Идешь, идешь и не заметишь, как лыжня подведет тебя под разлапистую ель, как обрушится сверху целый пуд снега и засыплет с головы до ног.

Это ель так играет. Что ты с ней сделаешь! Отряхнешься – и дальше.

…Лес расступился.

Я выбежал на чистое место и сразу почувствовал, как ветер высекает из глаз слезу. Поземка со свистом перехлестывала лыжню и мчалась дальше, торопливо утягивая за собой тонкий хвост. Я долго смотрел ей вслед, а потом вдруг заметил, что бежит она в сторону нашего болота.

Никогда не был я на болоте зимой. А тут вдруг захотелось взглянуть: как оно?

Не узнал я его сначала. Передо мной лежал огромный пустырь. Кое-где на нем уцелели жиденькие рядки сухих дудок: все, что осталось от густых камышовых заслонов.

И только моя березка темнела на самой середине пустыря.
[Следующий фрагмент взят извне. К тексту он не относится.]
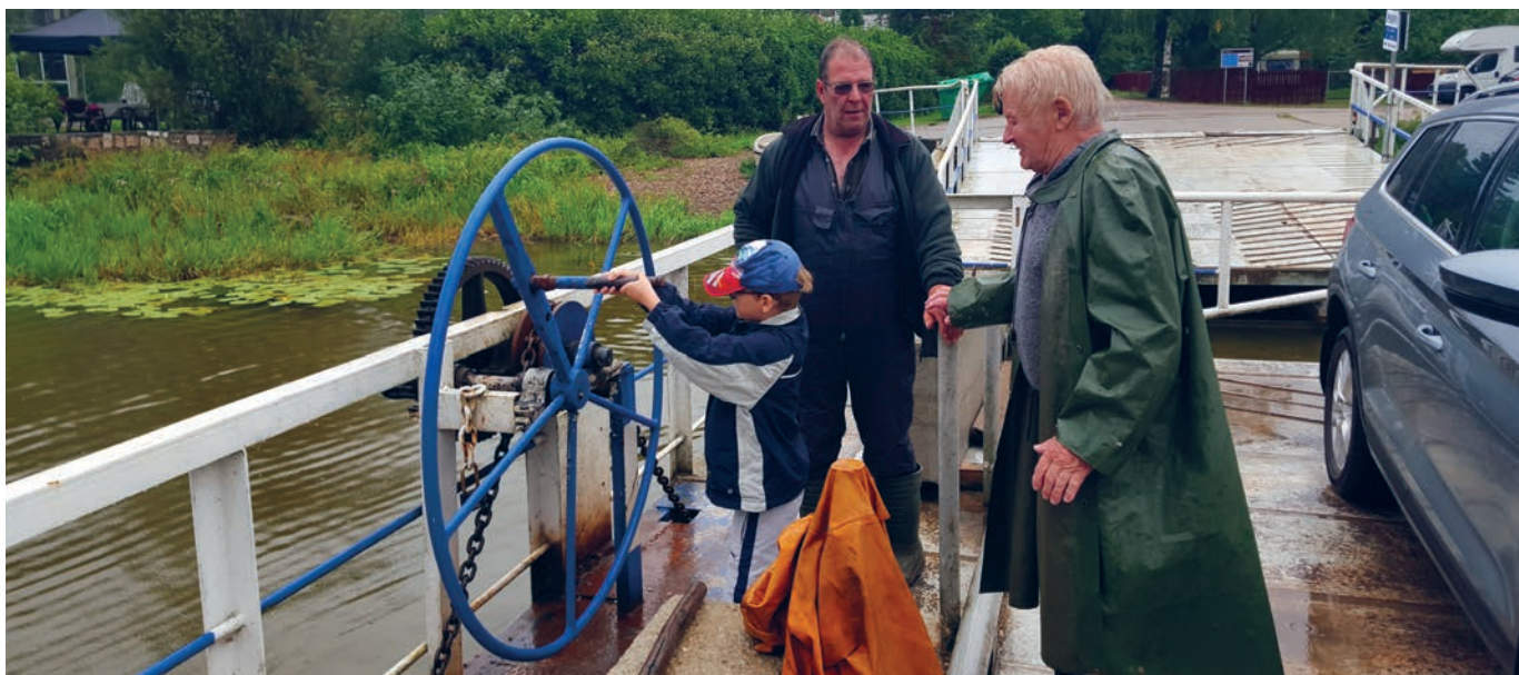
Väikemees proovib, meister õpetab.

Я пробрался к ней и увидел, что ветер оборвал с нее все листья до единого. Куст смородины задерживал снег, и вокруг сбился большой сугроб, завалил березку до половины. Внизу тонкие сучки торчали прямо из снега, будто росли отдельно. Я снял рукавицу и пощупал один из них. Он был холодный, как апрельская сосулька. «Закоченел, – подумал я, – согни – и переломится…»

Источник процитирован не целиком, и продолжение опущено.